» **TASK REQUIREMENTS**: Please copy every line of the records below that holds the word "under".

» **DATA FOR THE TASK**:
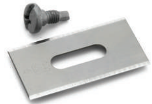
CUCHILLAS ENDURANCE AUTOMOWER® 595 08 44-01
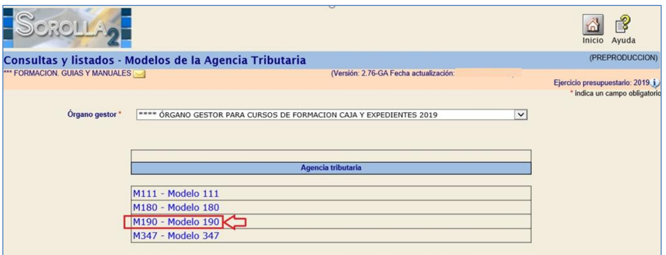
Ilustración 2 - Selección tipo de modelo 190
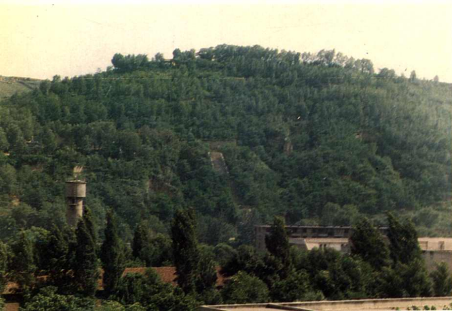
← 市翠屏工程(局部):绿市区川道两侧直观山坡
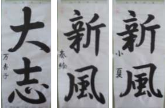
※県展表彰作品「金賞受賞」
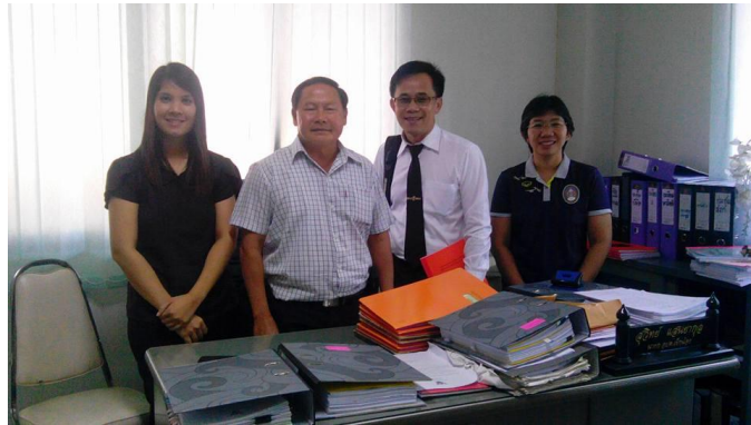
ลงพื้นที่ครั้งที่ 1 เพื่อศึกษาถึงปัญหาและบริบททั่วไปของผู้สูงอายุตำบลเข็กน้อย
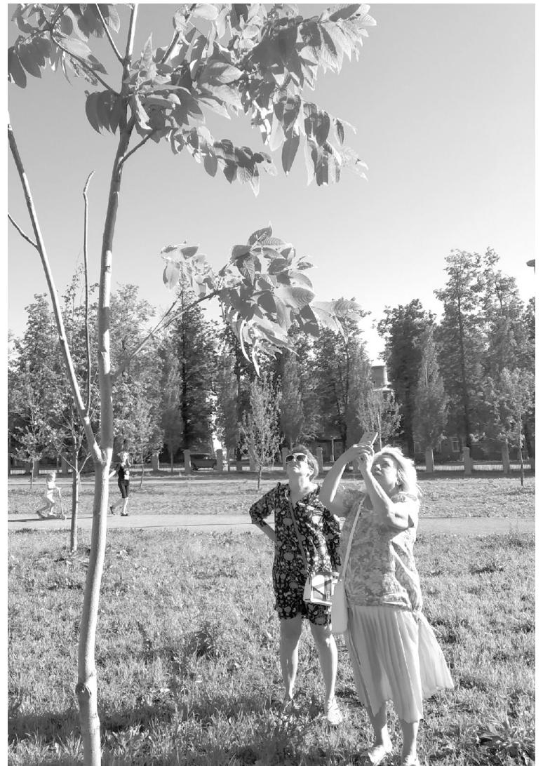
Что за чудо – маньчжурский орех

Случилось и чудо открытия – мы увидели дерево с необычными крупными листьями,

* * *

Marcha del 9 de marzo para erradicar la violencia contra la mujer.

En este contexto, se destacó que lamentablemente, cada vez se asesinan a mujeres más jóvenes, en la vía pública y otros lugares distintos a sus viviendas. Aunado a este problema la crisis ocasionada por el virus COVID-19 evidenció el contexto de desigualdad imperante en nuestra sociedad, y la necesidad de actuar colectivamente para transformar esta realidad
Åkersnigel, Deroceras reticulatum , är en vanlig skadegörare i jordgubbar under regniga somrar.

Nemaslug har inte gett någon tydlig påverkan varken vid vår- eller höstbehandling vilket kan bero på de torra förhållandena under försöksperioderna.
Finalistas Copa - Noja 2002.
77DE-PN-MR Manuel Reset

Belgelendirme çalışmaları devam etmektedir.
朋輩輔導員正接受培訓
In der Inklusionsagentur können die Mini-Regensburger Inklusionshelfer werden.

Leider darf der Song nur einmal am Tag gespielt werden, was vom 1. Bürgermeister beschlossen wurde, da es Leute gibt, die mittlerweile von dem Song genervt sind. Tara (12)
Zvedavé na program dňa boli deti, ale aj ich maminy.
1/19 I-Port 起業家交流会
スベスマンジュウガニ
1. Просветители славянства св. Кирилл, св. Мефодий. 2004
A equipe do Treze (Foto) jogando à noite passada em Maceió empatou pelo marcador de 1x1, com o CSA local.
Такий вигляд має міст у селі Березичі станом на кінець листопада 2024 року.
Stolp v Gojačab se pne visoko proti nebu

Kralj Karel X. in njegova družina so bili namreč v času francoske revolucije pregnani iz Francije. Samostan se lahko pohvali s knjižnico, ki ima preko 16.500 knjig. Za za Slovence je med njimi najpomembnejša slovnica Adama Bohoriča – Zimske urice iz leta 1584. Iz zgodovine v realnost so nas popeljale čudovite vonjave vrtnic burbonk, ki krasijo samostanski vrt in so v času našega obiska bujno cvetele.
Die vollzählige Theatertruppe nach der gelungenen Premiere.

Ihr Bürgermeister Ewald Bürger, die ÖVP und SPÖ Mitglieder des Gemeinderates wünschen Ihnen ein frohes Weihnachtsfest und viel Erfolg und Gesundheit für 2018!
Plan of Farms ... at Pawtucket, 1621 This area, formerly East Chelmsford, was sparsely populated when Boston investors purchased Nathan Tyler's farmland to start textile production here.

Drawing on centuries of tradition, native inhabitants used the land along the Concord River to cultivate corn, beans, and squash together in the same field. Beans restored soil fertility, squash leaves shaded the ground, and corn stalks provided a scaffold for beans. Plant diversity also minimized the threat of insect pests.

--

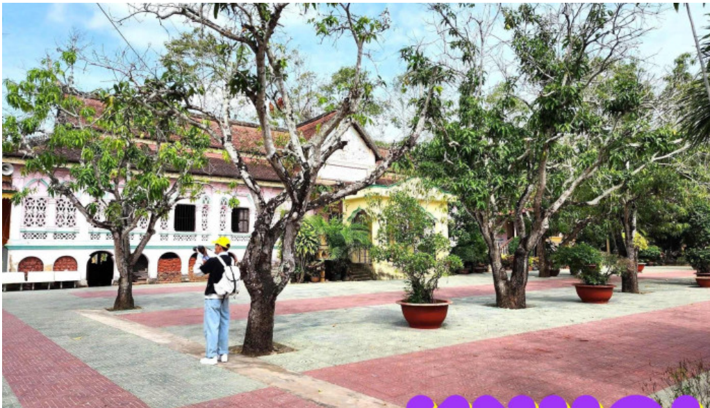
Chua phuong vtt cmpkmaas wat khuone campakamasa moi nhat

» **FINISHED TASK**:
Åkersnigel, Deroceras reticulatum , är en vanlig skadegörare i jordgubbar under regniga somrar.
Nemaslug har inte gett någon tydlig påverkan varken vid vår- eller höstbehandling vilket kan bero på de torra förhållandena under försöksperioderna.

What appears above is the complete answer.